Mission accomplie. Le défilé du Rdpc s’est déroulé sans la moindre banderole des pro-Marafa appelant à sa libération. Autant le boycott du défilé (par le Rdpc) la veille de la fête du 20 mai n’a été que pour les militants du Social democratic front (Sdf) et ceux du Mouvement progressiste (Mp). Les représentant locaux de ces formations politiques croient dur que l’adoption du code électoral unique (tel quel) met en péril la démocratie et l’unité nationale du Cameroun.

Une qui n’a pas opté pour le boycott du défilé du 20 mai 2012 pour ce faire entendre est l’Undp. Son alliance avec le Rdpc est manifestement en berne au Grand Nord, en tout cas pour les municipales et législatives de 2013.

Salomon KANKILI

Boycott. L’élite du Nord en mission commandée à Garoua

Un important déploiement de l’élite proche du pouvoir a investi Garoua en début de week-end dernier, pour emmener les militants du Rdpc de la Bénoué, fidèles à l’ancien ministre de l’administration territoriale et de la décentralisation, à prendre part au défilé de la fête de l’Unité.

Selon des sources dignes de foi, quelques semaines avant la tenue de la fête du 20 mai, fête nationale du Cameroun, le climat politique aride qui prévaut à Garoua, depuis l’arrestation de l’ex-ministre d’Etat, ministre de l’Administration territoriale et de la décentralisation (Minatd), Marafa Hamidou Yaya, aurait fait l’objet d’une préoccupation au sommet de l’Etat.

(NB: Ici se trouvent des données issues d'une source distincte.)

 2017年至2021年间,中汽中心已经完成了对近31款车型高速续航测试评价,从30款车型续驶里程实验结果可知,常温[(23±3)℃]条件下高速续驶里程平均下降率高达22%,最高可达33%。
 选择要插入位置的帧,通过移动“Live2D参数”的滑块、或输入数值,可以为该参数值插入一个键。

Suite à des tracts distribués  dans la capitale régionale du Nord et ses environs, tracts  appelant au boycott du défilé de la fête du 20 mai, par les militants de cette base du parti au pouvoir, qui réclament la libération immédiate de l’ex-Minatd, des réunions se seraient tenues à l’initiative de certaines hautes autorités de la présidence de la République et rassemblant des élites extérieures de la région du Nord. Celles-ci avaient pour but de mettre en place une stratégie pour contrer la fronde de plus en plus grande en faveur de Marafa Hamidou Yaya et d’arriver à l’immédiat à une  participation populaire des militants du « Parti des flammes » lors du défilé de la fête nationale à Garoua. Nos sources évoquent ainsi, d’importants moyens financiers qui auraient été déployés et mis à la disposition de certaines élites originaires de la région du Nord, qui ont par la suite investi la ville de Garoua.

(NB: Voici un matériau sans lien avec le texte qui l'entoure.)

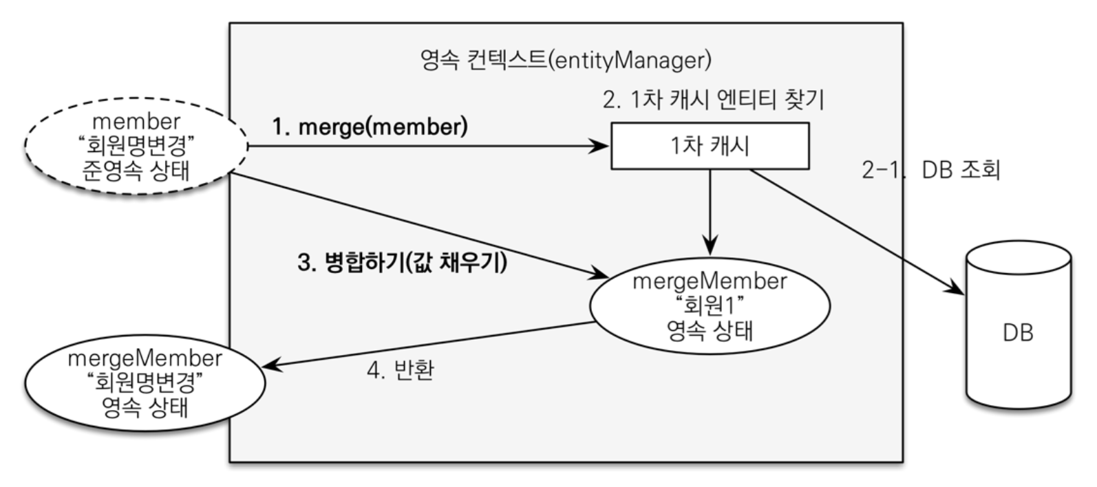 em.merge(entity): 준영속 상태의 엔티티를 다시 새로운 영속 상태의 엔티티로 반환

Marafa Hamidou Yaya est présenté comme « une autre victime du système Biya », tout comme l’a été madame le ministre Haman Adama, elle aussi incarcérée dans le cadre de l’opération Epervier. Pour les pros Marafa, Biya en veut inéluctablement  aux fils de la Bénoué, « et surtout à Marafa qui est capable d’être président de la République, et alors de venger l’opprobre que Biya a  jeté autrefois sur Ahmadou Ahidjo, celui qui lui a donné généreusement le pouvoir », pour reprendre un commentaire d’une source proche de l’ex-Minatd joint au téléphone par Le Messager. La première démonstration de force publique des militants du Rdpc  se réclamant proches de l’ex ministre d’Etat Marafa Hamidou devait donc ainsi passer par un boycott, espéré retentissant.

Mission commandée

Face à ce que certains thuriféraires du régime en place ont qualifié de « témérité », il était question de casser cette dynamique pro Marafa et de ne pas laisser faire. Ces élites en mission commandée, ont trouvé sur place, des cadres locaux du Rdpc, autrefois lésés et intimidés par Marafa Hamidou Yaya du temps de son hyperpuissance dans son fief politique de la Bénoué.

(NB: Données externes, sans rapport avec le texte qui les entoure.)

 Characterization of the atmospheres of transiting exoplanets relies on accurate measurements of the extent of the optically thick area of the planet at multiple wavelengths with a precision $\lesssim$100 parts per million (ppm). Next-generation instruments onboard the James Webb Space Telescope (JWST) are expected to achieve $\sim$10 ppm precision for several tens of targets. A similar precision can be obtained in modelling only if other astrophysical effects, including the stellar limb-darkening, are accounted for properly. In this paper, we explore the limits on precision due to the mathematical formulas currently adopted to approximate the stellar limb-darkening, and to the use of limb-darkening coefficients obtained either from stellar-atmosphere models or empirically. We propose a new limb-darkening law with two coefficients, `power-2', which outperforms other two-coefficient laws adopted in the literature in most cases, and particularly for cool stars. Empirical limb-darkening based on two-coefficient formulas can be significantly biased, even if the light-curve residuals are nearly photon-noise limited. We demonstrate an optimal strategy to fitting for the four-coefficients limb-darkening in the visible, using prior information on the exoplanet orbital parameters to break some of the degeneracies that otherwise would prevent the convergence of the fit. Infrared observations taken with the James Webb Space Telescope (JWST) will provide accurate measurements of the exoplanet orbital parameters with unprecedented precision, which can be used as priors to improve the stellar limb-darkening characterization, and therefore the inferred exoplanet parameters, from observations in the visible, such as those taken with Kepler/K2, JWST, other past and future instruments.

Ensemble, ils ont mené une campagne de proximité pour une participation populaire des militants du Rdpc de Garoua centre au défilé du 20 mai 2012. Parmi les acteurs de terrain mis en mission à Garoua par les hautes autorités du landerneau politique, on parle à tort ou à raison, d’un  ancien secrétaire général des ministères et d’un commissaire divisionnaire aujourd’hui à la retraite, tous deux originaires de Garoua et qui jouiraient d’une popularité certaine au sein du petit peuple de la capitale régionale du Nord.